L'importance de nos monuments, leur situation, leurs besoins, vous sont connus. Vous n'ignorez pas combien sont insuffisantes les ressources qui doivent subvenir à leur conservation; combien il serait indispensable qu'elles fussent augmentées en ce moment. Une administration éclairée, une Chambre jalouse de toutes nos gloires nationales, ne pourraient voir avec indifférence la ruine de tant d'édifices que l'étranger nous envie, et c'est avec confiance, Monsieur le Ministre, que la commission s'en rapporte à votre amour des arts, pour provoquer des mesures qui mettent enfin en harmonie avec les besoins de nos monuments les secours qui leur seront destinés.
Je suis avec respect, Monsieur le Ministre, Votre très-humble et très-obéissant serviteur,
L'Inspecteur général des monuments historiques, P. MÉRIMÉE.
La commission des monuments historiques, dans sa séance du 20 mai 1840, a entendu la lecture du présent rapport, et a décidé qu'il serait présenté en son nom à M. le Ministre.
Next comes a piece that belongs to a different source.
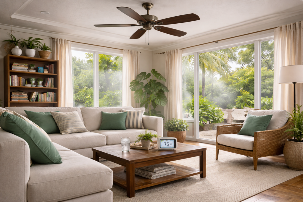 Ceiling fans are frequently recommended as a solution for humid indoor spaces. Many homeowners assume that if a room feels less sticky with a fan running, the humidity problem has been addressed. This belief is especially common in warm, coastal, and subtropical climates where ceiling fans are used year-round. While ceiling fans can improve comfort, they do not remove moisture from the air.
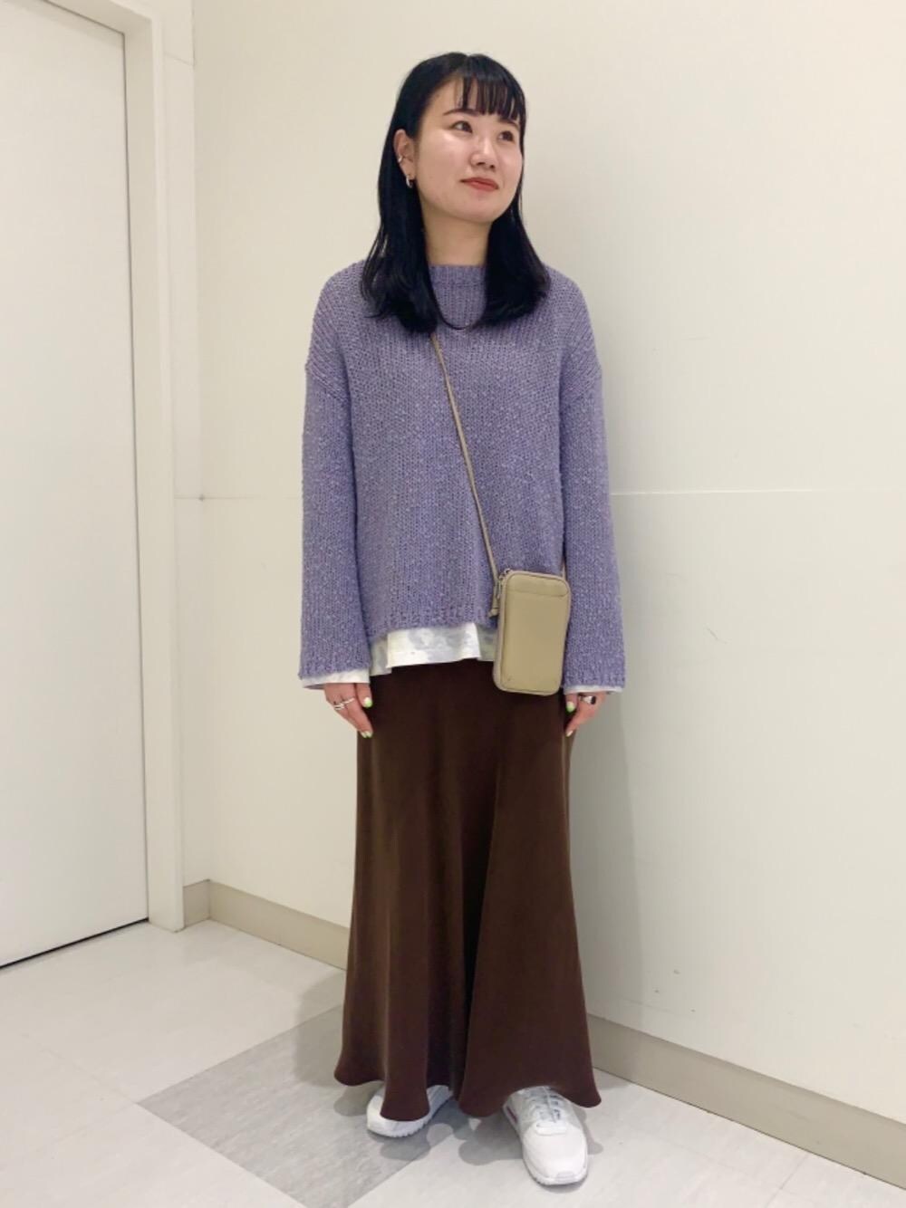 春カラーのニットは麻混のざっくりなサイズ感で、網目も大きくインナーを楽しめる一枚。今回はタイダイ柄のカットソーでレイアードしました!毎回人気のウォレットショルダーも再入荷致しました。

L. VITET, Vice-Président de la Commission ; GRILLE DE BEUZELIN, Secrétaire.
La commission des monuments historiques est présidée par le ministre de 1 intérieur; elle se compose de MM. VITET, vice-président; P. MÉRIMÉE , inspecteur général ; CARISTIE, CAVÉ, DENIS, DUBAN , DE GOLBÉRV, Cil. LENORMANT, A. LEPREVOST, Comte DE MONTESQUIOU, Comte DE SADE, Baron TAYLOR , GRILLE DE BEUZELIN , secrétaire.